WASHINGTON – Rep. Adam Smith (D-Wash.) on Thursday ripped his Republican colleagues for using a sneaky procedural maneuver to block his effort to force an investigation into Defense Secretary Pete Hegseth’s use of Signal, a third-party messaging app, for sharing classified war plans with intelligence officials, his wife, his brother and others.
Smith, the top Democrat on the House Armed Services Committee, recently filed a resolution of inquiry directing the Trump administration to turn over all communications related to Hegseth last month discussing an impending military attack on Yemen in a Signal group chat with top intelligence officials, and separately, with members of his family.
Any member of Congress can file a resolution of inquiry; it’s a tool that lawmakers have for obtaining information from the executive branch. When someone files a resolution of inquiry on a given subject, the committee with jurisdiction over it has 14 days to act on it. If the committee doesn’t act, anyone can bring it up on the House floor and force a vote on it.

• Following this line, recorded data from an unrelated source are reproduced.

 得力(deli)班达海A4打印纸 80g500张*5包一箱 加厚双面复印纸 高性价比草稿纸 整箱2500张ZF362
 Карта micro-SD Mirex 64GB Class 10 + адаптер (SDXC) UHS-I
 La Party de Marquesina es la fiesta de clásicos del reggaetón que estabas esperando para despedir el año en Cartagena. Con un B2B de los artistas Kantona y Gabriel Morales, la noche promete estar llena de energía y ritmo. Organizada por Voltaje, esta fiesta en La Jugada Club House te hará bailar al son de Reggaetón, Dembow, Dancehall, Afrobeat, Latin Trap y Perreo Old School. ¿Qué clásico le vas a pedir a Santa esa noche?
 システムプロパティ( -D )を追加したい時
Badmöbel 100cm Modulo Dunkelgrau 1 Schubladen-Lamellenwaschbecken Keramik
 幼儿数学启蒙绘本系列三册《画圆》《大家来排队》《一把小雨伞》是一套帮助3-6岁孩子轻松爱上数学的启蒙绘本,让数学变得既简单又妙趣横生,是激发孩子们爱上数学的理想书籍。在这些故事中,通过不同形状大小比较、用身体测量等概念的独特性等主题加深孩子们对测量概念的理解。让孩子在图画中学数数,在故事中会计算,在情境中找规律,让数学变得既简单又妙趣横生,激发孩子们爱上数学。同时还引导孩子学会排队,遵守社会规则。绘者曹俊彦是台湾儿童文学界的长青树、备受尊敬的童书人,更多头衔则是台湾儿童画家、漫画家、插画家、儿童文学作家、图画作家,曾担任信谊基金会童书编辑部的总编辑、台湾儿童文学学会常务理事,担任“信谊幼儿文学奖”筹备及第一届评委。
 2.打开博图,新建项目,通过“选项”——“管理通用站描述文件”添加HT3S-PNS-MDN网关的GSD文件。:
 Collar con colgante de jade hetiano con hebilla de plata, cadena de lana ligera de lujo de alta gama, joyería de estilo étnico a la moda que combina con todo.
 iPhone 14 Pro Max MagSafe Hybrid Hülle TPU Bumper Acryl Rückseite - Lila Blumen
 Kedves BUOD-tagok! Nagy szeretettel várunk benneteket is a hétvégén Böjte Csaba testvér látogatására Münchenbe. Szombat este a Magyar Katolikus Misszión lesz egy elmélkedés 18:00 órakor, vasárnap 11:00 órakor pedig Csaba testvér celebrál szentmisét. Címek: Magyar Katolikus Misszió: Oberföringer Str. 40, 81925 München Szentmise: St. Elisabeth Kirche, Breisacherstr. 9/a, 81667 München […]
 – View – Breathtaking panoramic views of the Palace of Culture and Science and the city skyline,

Smith’s resolution of inquiry never got a vote in the House Armed Services Committee. That meant it was on track to ripen, essentially, by the end of next week, at which point Democrats could force a vote on it.
But late Monday, during a House Rules Committee hearing, Speaker Mike Johnson (R-La.) slipped language into an unrelated resolution that set up the rules for debating five bills on the House floor on Tuesday. Buried in these rules was this provision: “Provides that each day during the period from April 29, 2025, through September 30, 2025, shall not constitute a legislative day for purposes of clause 7 of rule XIII (Resolutions of Inquiry).”

Translated into everyday language, this provision prevents House members from forcing a vote on any resolution of inquiry until October. When the House voted Tuesday to pass the rules for debating those five bills, they also killed Smith’s effort.
Every Democrat voted against passing the rules.
Smith fumed Thursday about Republicans providing cover for Hegseth, whose use of Signal for sharing classified information wasn’t just a stunning breach of national security; a journalist was also mistakenly let into the group chat with top U.S. intelligence officials.
“President Trump’s national security team risked the lives of U.S. service members and compromising the mission when they shared sensitive U.S. military plans ahead of operations against the Houthis in Yemen,” he told HuffPost in a statement.
“Monday’s Rules vote to block the Resolution of Inquiry I led to get answers so that we could help ensure such a security breach never happens again is a blatant partisan ploy to cover up the incompetence revealed by that failure,” said Smith. “That incompetence has been underscored by Defense Secretary Hegseth refusing to acknowledge obvious operational security errors or correct course. The impact of that whitewashing threatens to inflict further damage to our national security.”
A spokesperson for Johnson did not immediately respond to a request for comment.